Another explanation is that the dollar move was a catalyst for an even larger move. For example, if the dollar is strengthening and the gold price is falling, investors in the US and other dollar areas take fright and sell their holdings, thus putting more pressure on the gold price, meaning it declines more than the dollar rose. Thus in an explanation the metals’ prices moved in the direction they did because of the dollar move, but in an exaggerated fashion. Finally there is always the possibility that a third factor was influencing both – such as in the rally of 2008-2009, when it was the financial crisis propelling both the dollar higher (on safe-haven demand) and metal prices lower (with the exception of gold, which benefited from its own safe-haven).
Much of this is unpredictable. The most that can be said with confidence is that this ‘mechanical’ effect of a stronger dollar does seem to hit metal prices. Yet for many people around the world who don’t think in dollars this will be irrelevant. A wider issue is whether, for whatever reason, large dollar moves impact on the ‘world price’ of metals – that is, the price in other currencies as well as the US dollar. The concept of a ‘world price’ however is rather nebulous. The most obvious way to calculate it would be to look at the prices of metals using a basket of currencies weighted for each metal’s consumption and/or production profile.
This is a complex undertaking to do for each metal. As a shortcut, we have instead simply looked at the prices of metals in a basket of other OECD currencies, calculated by using the inverse of the dollar index quoted above. In essence, this removes the ‘mechanical effect’ of the dollar moves, and so the price movements give a flavor of how the prices have moved for non-dollar consumers around the world.
The results are rather different than when looking purely in dollar terms. During dollar bull periods, the prices of commodities in other currencies have tended to fall, especially in the first and third periods, but not universally.

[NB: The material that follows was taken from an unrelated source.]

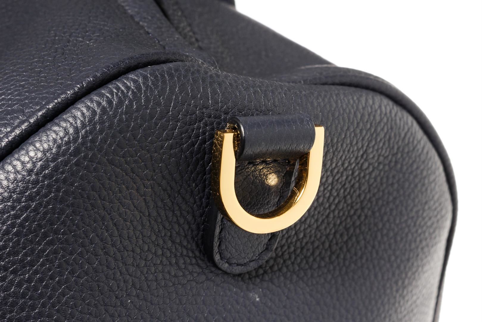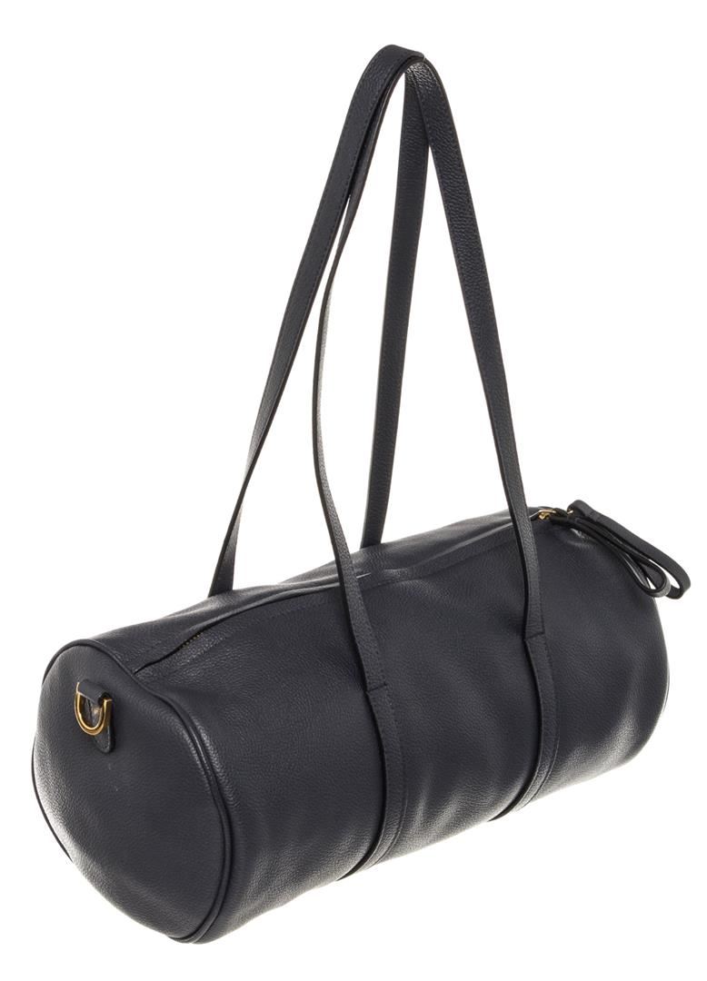 One Mansur Gavriel Navy Blue Lambskin Leather Mini Duffle Shoulder Bag. Item is sold AS-IS. All available information is listed in the description and shown in the photo. Mansur Gavriel Mini Duffle shoulder bag is crafted in navy blue Lambskin leather, gold-tone hardware, two top flat handles, two-way zip closure at top and black leather lining. 8.5" L x 4" W x 4" H, Handle Drop: 5"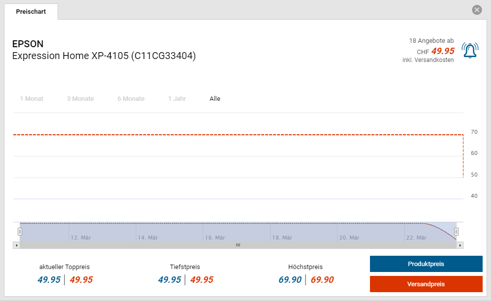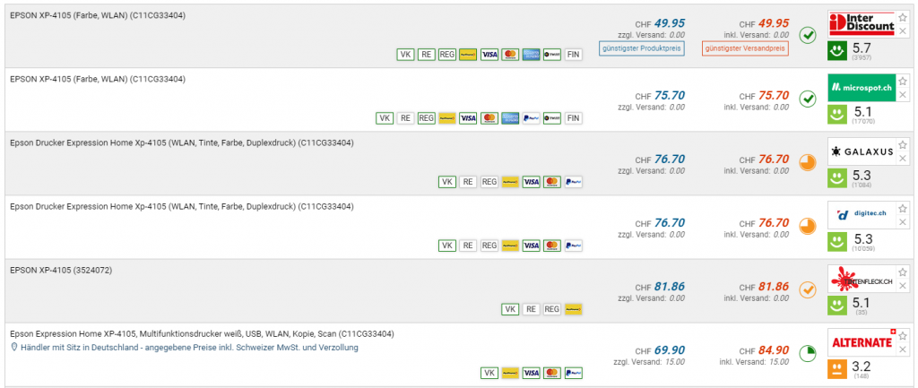 Bei Interdiscount gibt es den EPSON Expression Home XP-4105 Drucker für den neuen Bestpreis von CHF 49.95. Der zweitbeste Preis beträgt CHF 75.70 und der vorherige Bestpreis war CHF 69.90.

In the first period aluminium, copper, zinc and tin all gained in price, and in the second period all but copper and nickel gained. In the final period all but gold fell. The dollar bear markets were uniform, with most commodities still gaining in price, although less so in the first period, when silver, palladium, zinc and nickel all fell.
What does this tell us? Essentially, that although a dollar recovery will undoubtedly see the dollar price of metals decline, (which will be bad news for US investors or US producers but good news for US consumers), we cannot say with any certainty what will happen to the price of those metals when measured in other currencies. In the 1995-2002 dollar bull market, metals’ prices measured in a basket of other leading OECD currencies actually tended to increase. In the 2008-2009 one, however, they (except gold) all fell. Clearly one can see reasons why this was – China’s enormous demand for commodities in the early one outweighed the dollar collapse, while the financial and economic collapse in the second reinforced it.
So while the headlines are quick to sound the alert when/if the dollar rises, all tend to focus on the collapse of metals’ prices. To the extent that dollar areas are involved in the production, consumption and investment of metals this will be true but the dollar’s rise does not automatically mean that the price paid for or received by most of the world’s producers and consumers of metals will also fall. That will depend on why both the dollar is rising, and factors entirely unrelated to the dollar’s behavior vis-à-vis other currencies.